От тяжёлого, спертого воздуха ее слегка затошнило. Младшая спутница Аночки в это время загремела задвижкой, распахнула скрипучую дверцу, которая взвизгнула, как от испуга щенок. Но никто не проснулся от этого резкого звука…
Они вошли в каморку, еще вчетверо меньшую, и вздули свечу, при свете которой с шорохом побежали в разные стороны тысячи тараканов.

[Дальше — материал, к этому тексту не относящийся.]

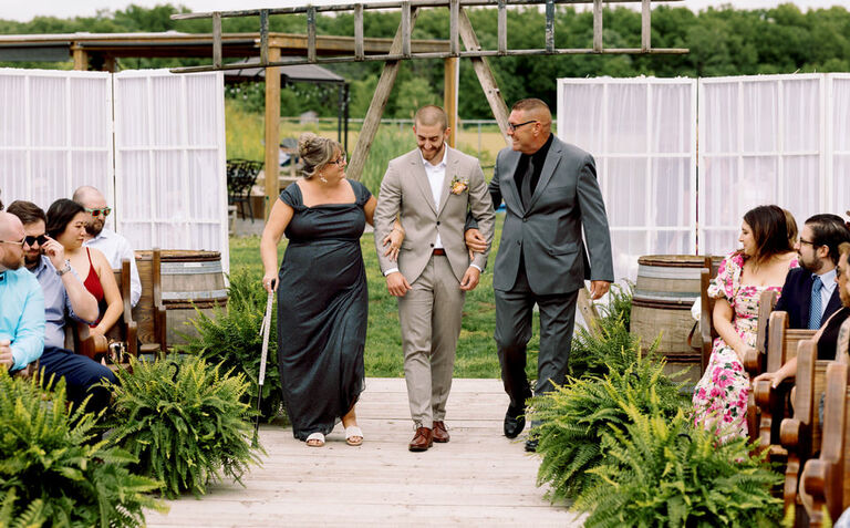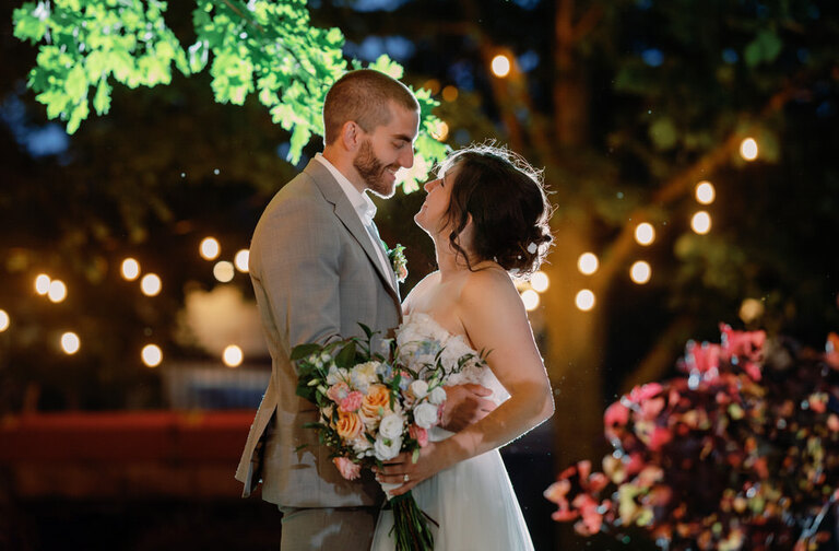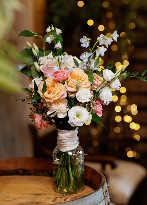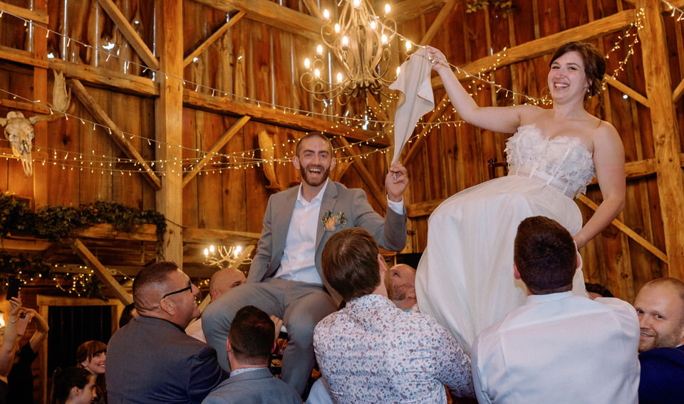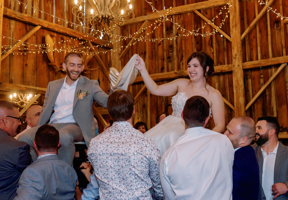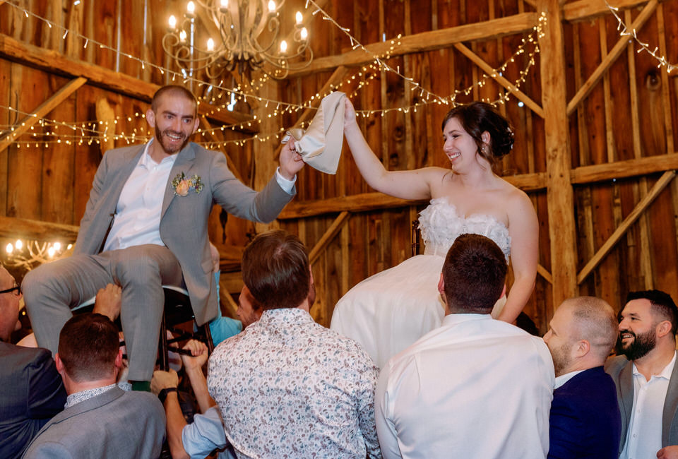 Rob and Becky said their vows in front of all their family and friends, followed by a cocktail hour on the grounds! The ceremony  was held outside in a gorgeous yard behind the barn surrounded by a pond and outdoor pews.  Of course the show was stolen a bit by all their nieces and nephews who did serve as their ring bearers and flower girls! A great job was done by all of them!  The reception was held in the barn, complete with beautiful twinkle lights, flowers and a rustic feel.  The bar was the ultimate set up complete with ready made slushy machines for daiquiris and margaritas, sangrias and lemonades ( the boozy kind of course).  The meal was a delicious buffet with more food than anyone could eat and dessert was cupcakes and a self serve ice cream machine! It was truly a perfect feast for this celebration!

— Вот мы и дома, — негромко сказала младшая, скидывая платок с головы. — Ну, не бойсь, раздевайся.
Только тут, развязывая заиндевевший возле лица непривычный платок Ивановны, Аночка разглядела своих добровольных спутниц и гостеприимных хозяек. Старшей из них было лет под сорок; крепкая и ладная, с широким лицом, с глубоко сидящими, карими, чуть сощуренными глазами, скуластая, полногрудая, она была такова, что вполне могла одна справиться с двоими городовыми, без помощи кладовщика Федота. Вторая, лет двадцати пяти-двадцати семи, худая, с яркими пятнами румянца на щеках, голубоглазая насмешница, могла бы быть настоящей красавицей, если бы не была так худа.
Обе они уже разделись, пока Аночка беспомощно путалась с завязкой платка на спине.
— Да ты и вправду как барышня, раздеться сама не можешь! — усмехнулась ей младшая. — Повернись, развяжу.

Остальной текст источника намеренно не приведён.